The Writable interface is different from Serializable. Serializable does not assume that the stored value class is known. So each instance is marked with its class. ObjectOutputStream and ObjectInputStream optimizes this, so that 5-byte pens are written for class instances after the first. But sequences of objects with handles cannot be accessed randomly, since they rely on flow. This complicates things like sorting.
On the other hand, in terms of writing, it is assumed that the application knows the expected class. An application should be able to instantiate in to call readFields (). Therefore, the class should not be stored with each example. This results in significantly more compact binaries, easier random access, and generally higher performance.
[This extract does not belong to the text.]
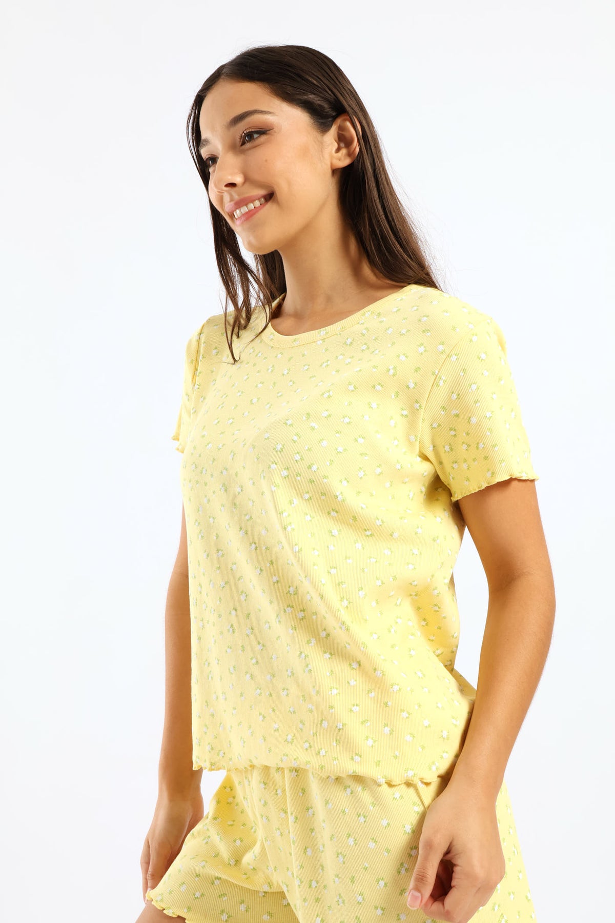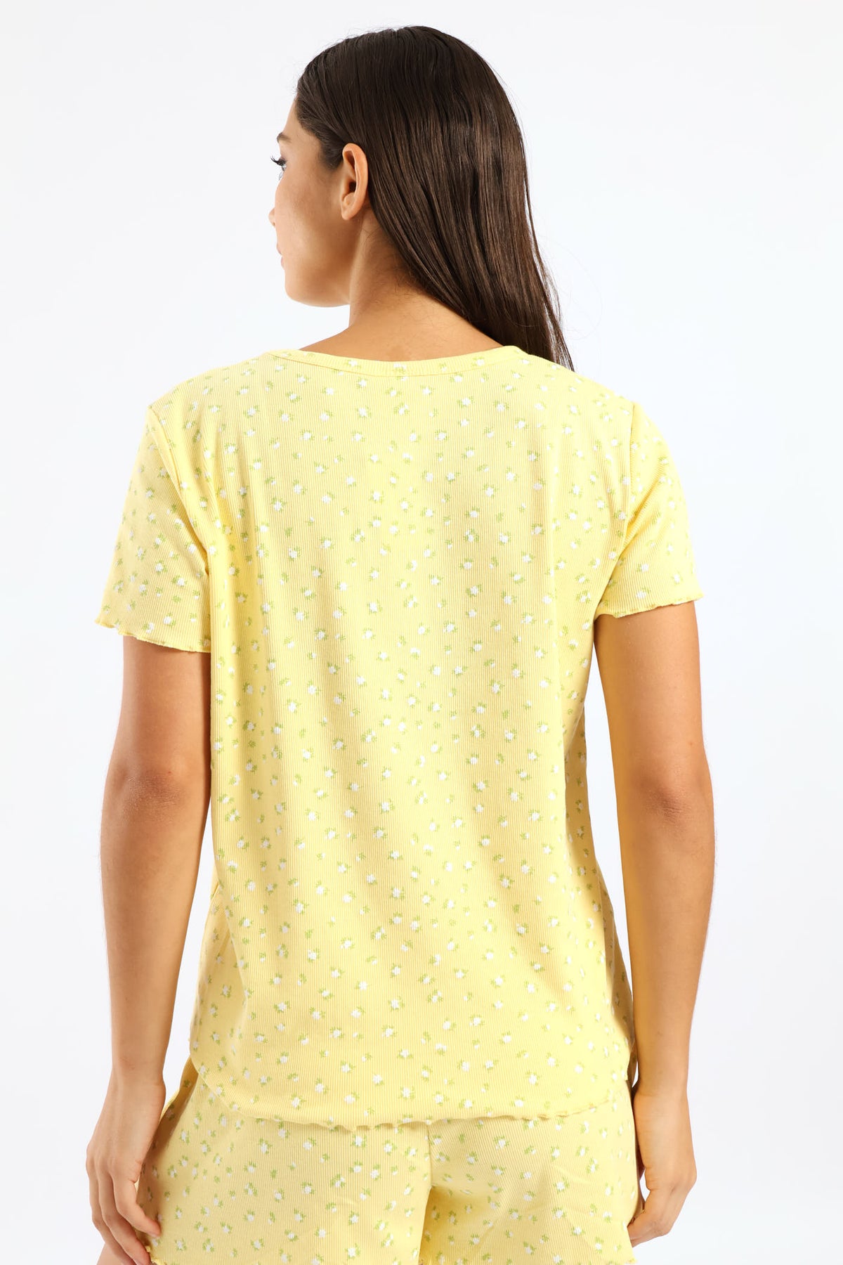 Rib Knit Ditsy Tee - Yellow

Perhaps Hadoop could use Serializable. You can override writeObject or writeExternal for each class whose serialization was performance critical. (MapReduce is very intensive with i / o, so almost every class is performance-critical.) You can implement ObjectOutputStream.writeObjectOverride () and ObjectInputStream.readObjectOverride () to use a more compact representation that, for example, you did not need to mark every top level instance in a file with its class. This will probably require at least as much as Haddop's in Writable, ObjectWritable, etc. and the code will be a little more complicated as it will try to work with another model. But this may have the advantage of better built-in version control. Or that?
The mechanism of the Serializable version is for classes to define a static named serialVersionUID. This protects incompatible changes, but does not allow backward compatibility. For this, the application must explicitly allow with versions. He needs to reason to some extent about what was written during the reading in order to decide what to do. But the Serializeable version engine does not support this more or less than Writable.